Data Factories for Real-time Public Health Bio-Surveillance

Data Factories for Real-time Public Health Bio-Surveillance

Data Factories for Real-Time Public Health Bio-Surveillance

In this Data Factories project, you explore how to build and use a new kind of tool called a data factory. This factory helps you track public health in real time by using a system called Fast Healthcare Interoperability Resources, or FHIR.

FHIR, created by a group called HL7, lets you share health data electronically in a modern, web-based way. As a result, this system is changing how doctors and public health teams use data.

Purpose of the Data Factories project

Your main goal is to use FHIR to monitor health trends as they happen. Specifically, you focus on illnesses that affect the lungs and breathing.

To do this, you build a data factory that works with electronic health records, or EHRs. This factory lets you collect, clean, and study both clinical and lab data quickly.

In this project, you track three key things:

  • When patients visit the hospital with signs of respiratory illness.
  • When patients are diagnosed with flu or other viruses
  • When labs test for the flu or similar viruses.

You use real hospital data from MedStar Health, which runs 10 hospitals in Maryland, Virginia, and Washington, D.C.

Project Framework

To make this work, you follow three main steps:

  • First, you explore the data and figure out what to collect. You also decide which health signs to track.
  • Next, you build and run a pipeline using FHIR. This pipeline helps you pull data from the hospitals in near real time.
  • Finally, you test the system. You check if it works well, gives accurate results, and provides data fast enough to be useful.

Along the way, you use a flowchart to show how everything fits together. This chart helps you see how data moves from records to insights.

Executive Summary

The framework includes the research questions, phases, tasks, and methods.

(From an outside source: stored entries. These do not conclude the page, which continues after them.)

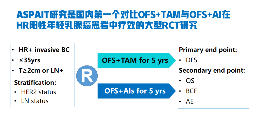 现在我们牵头的一个针对中国年轻年轻乳腺癌人群的全国多中心研究,研究年轻的患者使用OFS+AI还是OFS+TAM,很期待能够其最终的数据会不会跟SOFT和TEXT研究是一致的。去年的圣安东尼奥会议上,我们展出了介绍该研究的壁报。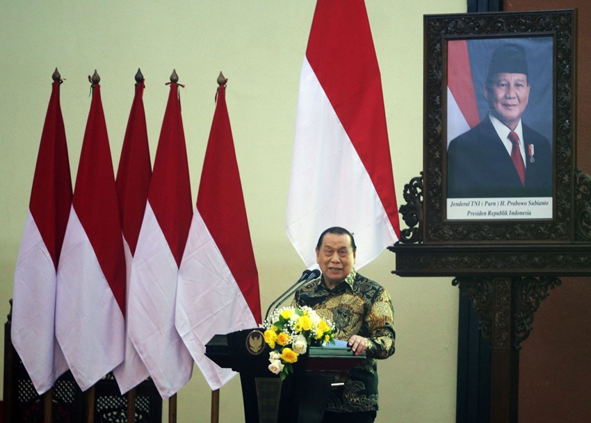 Ketua Fraksi Golkar MPR RI, Melchias Markus Mekeng memberikan kata sambutan saat pembukaan Sarasehan Nasional Fraksi Bersama usai membuka Sarasehan Nasional Fraksi Partai Golkar MPR RI di Nusantara IV, Gedung Parlemen, Senayan, Jakarta, Jumat (8/8/2025).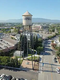 The Campbell Water Tower is a highly visible remnant of Campbell's "small town" past and located on the site of the original city water company and pumping plant near downtown.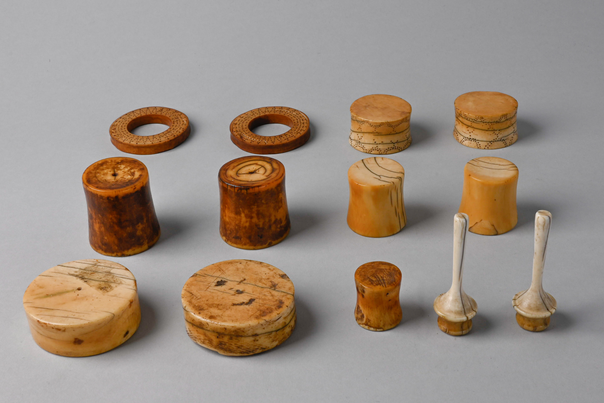 India, Naga, four pairs of ear plugs and a single piece, d: 2 cm - 5 cm; thickness: 2.3 cm - 3.8 cm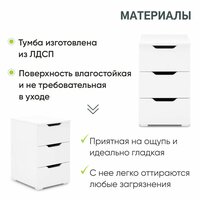 Тумба с ящиками, в офис под стол, в детскую, в спальню, в гостиную, в прихожую, 40х52х65 см, Momal белая: сравнение цен, характеристики, фото, актуальное наличие и цены.
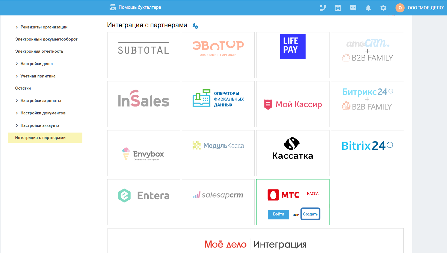 Настройка интеграции с сервисом «Моё дело»

A flowchart showing the three phases of Data Factories: exploration, execution and evaluation, of real-time monitoring of trends in healthcare utilization and lab testing

FHIR Flowchart

The workflow of using FHIR for public health surveillance.

The workflow of using FHIR for public surveillance

Why This Matters

Because of illnesses like COVID-19 and the flu, it’s more important than ever to track public health fast. Using a data factory powered by FHIR, you can help health leaders react quickly.

In the long run, this project shows how technology can support smarter and faster public health work.